Continuing north, NY 240 and CR 32 intersect with the eastern terminus of CR 75 (Beaver Meadows Road). The routes continue winding northward, crossing the town line into the town of Ashford at Town Line Road. At that junction, the routes bend northwest again, passing a stretch of residences before intersecting with the western terminus of CR 16 (Roszyk Hill Road). At CR 16, NY 240 and CR 32 bend north, becoming a residential street as it enters the hamlet of West Valley. In West Valley, the routes intersect with the terminus of CR 53 (Ashford Hill Road).
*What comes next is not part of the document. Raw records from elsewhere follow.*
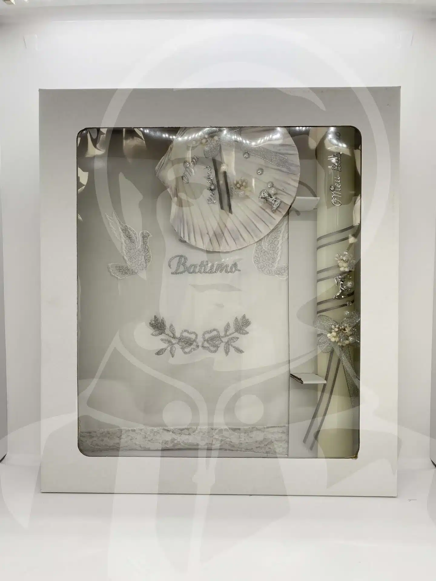 Kit de Batismo com Vela, Concha e Toalha – Prateado
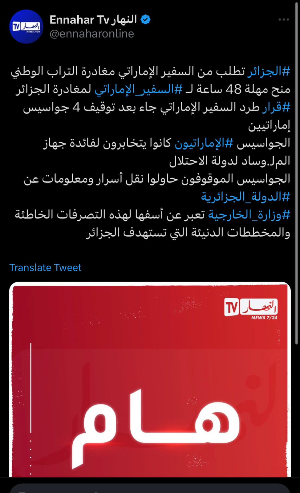 ارتباك وضاح وهو سيد الموقف، بعد ان نشرت جريدة النهار الجزائرية ليلة امس خبر قالت فيه ”  إن السلطات الجزائرية  قامت بطرد السفير الإماراتي في الجزائر”…ليتم حذف هبر ساعات بعد نشره.
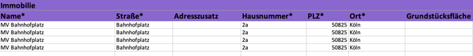 - Wenn derselbe Immobilienname mehrfach vorkommt, müssen alle Angaben absolut identisch sein.
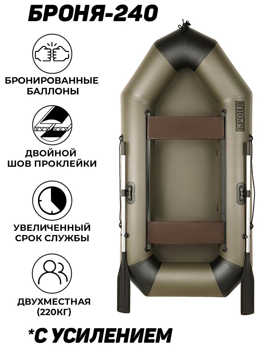 Надувные лодки Лодка ПВХ с усилением Броня-240 хаки-черный
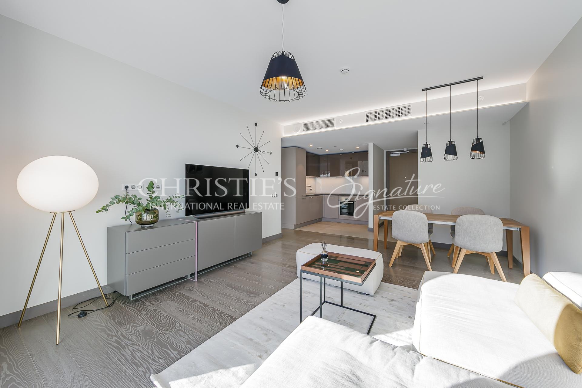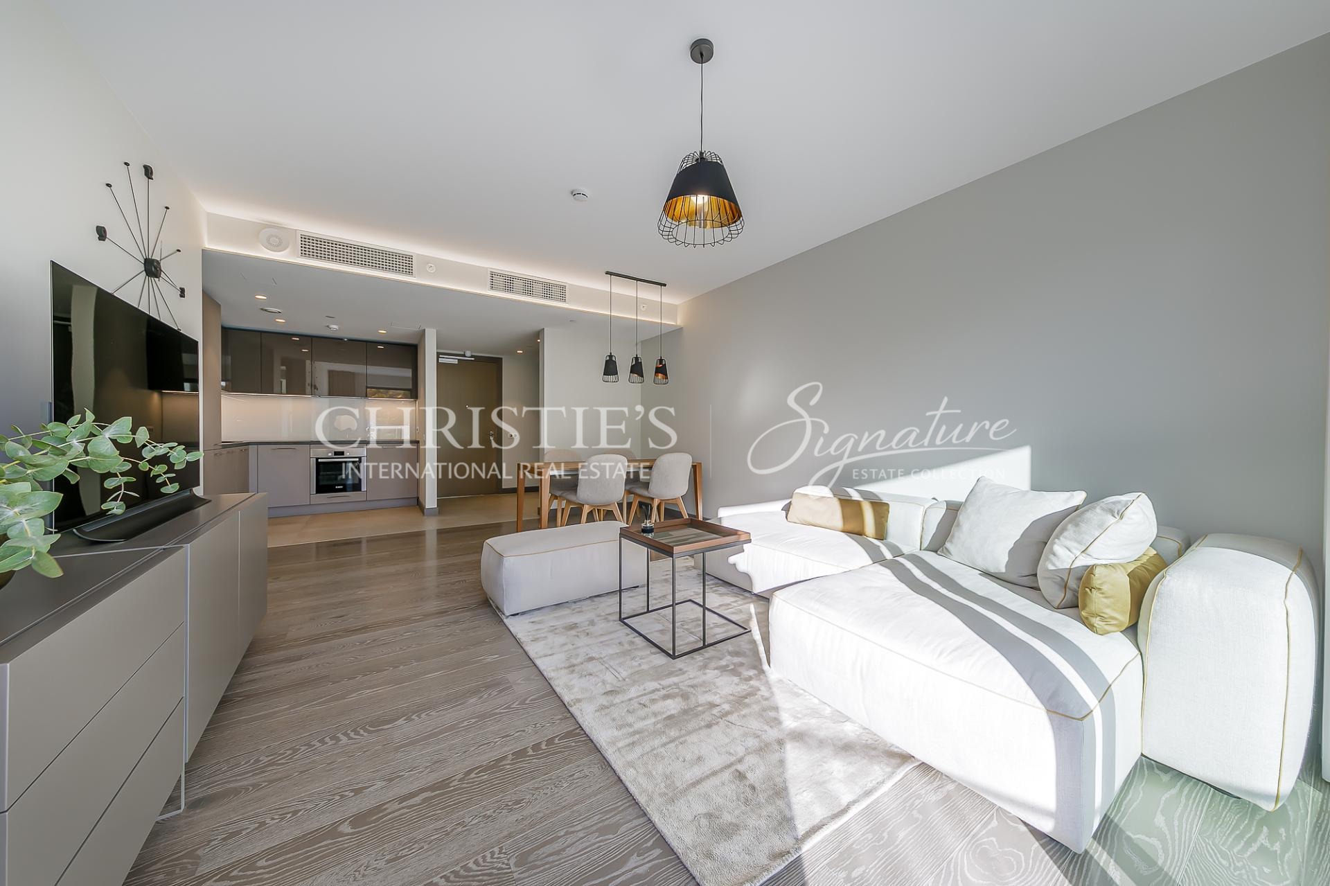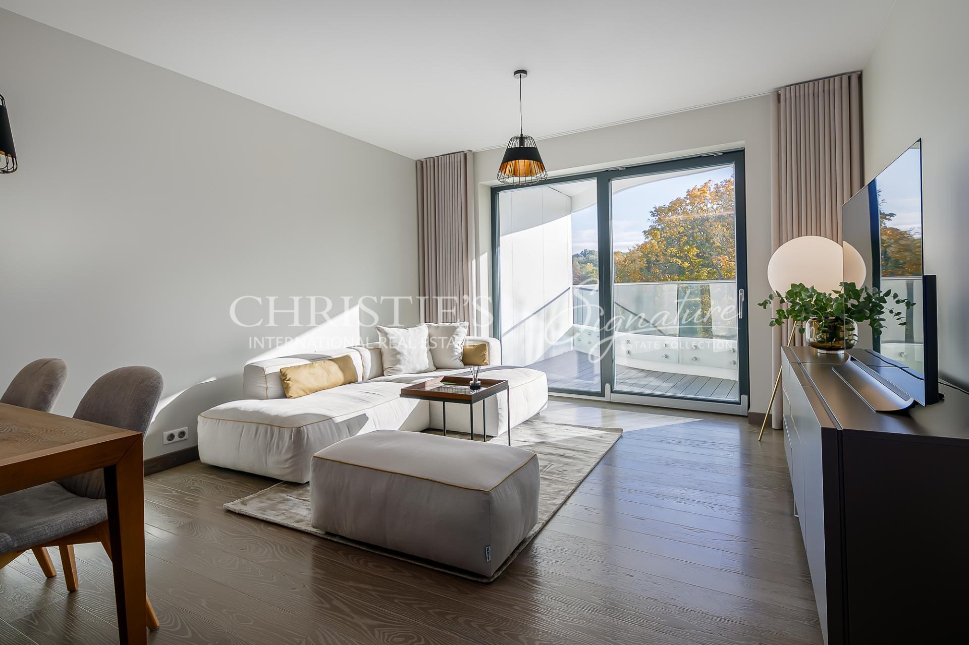 The interior trim of this property has been done with the use of high quality and premium class interior materials. Floors of the entrance hall, kitchen and bathroom are covered with practical ceramic tiles. Floors of the living-room and bedrooms are covered with natural oak parquetted flooring. Floor of the balcony is covered by very practical and stylish brown ECO-Deck flooring. Apartment has an air-conditioning.
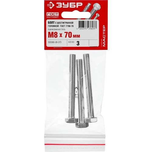 Болты ЗУБР 303086-08-070 изготовлены из высококачественной стали в полном соответствии с действующими стандартами и техническими предписаниями. Находят широкое применение в машиностроении, приборостроении, строительстве, быту и т.д. Шестигранная головка под ключ позволяет создать высокий крутящий момент при затягивании соединения. Класс прочности 5.8 обеспечивает необходимую жесткость конструкции. Цинковое покрытие надежно защищает от коррозии. Для создания разъемного резьбового соединения деталей и конструкций в строительстве и машиностроении. Используются совместно с гайками и шайбами.
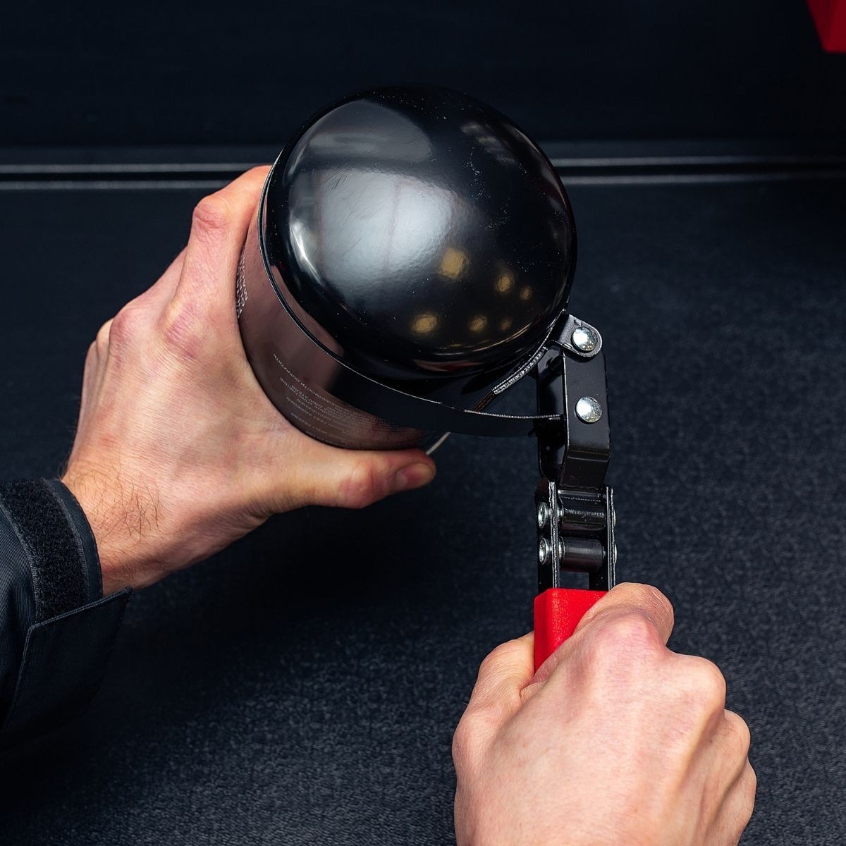 Profesjonalny klucz do odkręcania filtra oleju. Stalowa opaska zaciskowa posiada

Through West Valley, the route remains residential, quickly leaving the hamlet. North of West Valley, NY 240 and CR 32 intersect with the eastern terminus of CR 86 (Thornwood Drive). Crossing through another long stretch of residences, the routes cross a railroad track at-grade, where they turn to the northwest, paralleling the tracks until turning north and away once again. NY 240 and CR 32 bend northwest at Fox Valley Road, intersecting with the eastern terminus of CR 86-2 (Buttermilk Road) and the eastern terminus of CR 55 (Gooseneck Road) in Ashford. After CR 55, the routes bend northwest once again, crossing as a two-lane road through wide fields.

At Twichell Road, NY 240 and CR 32 make a large bend to the west, crossing through Ashford before turning northeast and northwest. On the northwestern stretch, the route remains rural, crossing an intersection with Bond Road, where the route turns north along West Valley Road. NY 240 and CR 32 continue north through Ashford, intersecting with Beech Tree Road, where they cross Cattaraugus Creek just west of the Bigelow Bridge. After crossing the bridge, NY 240 enters Erie County and the town of Concord.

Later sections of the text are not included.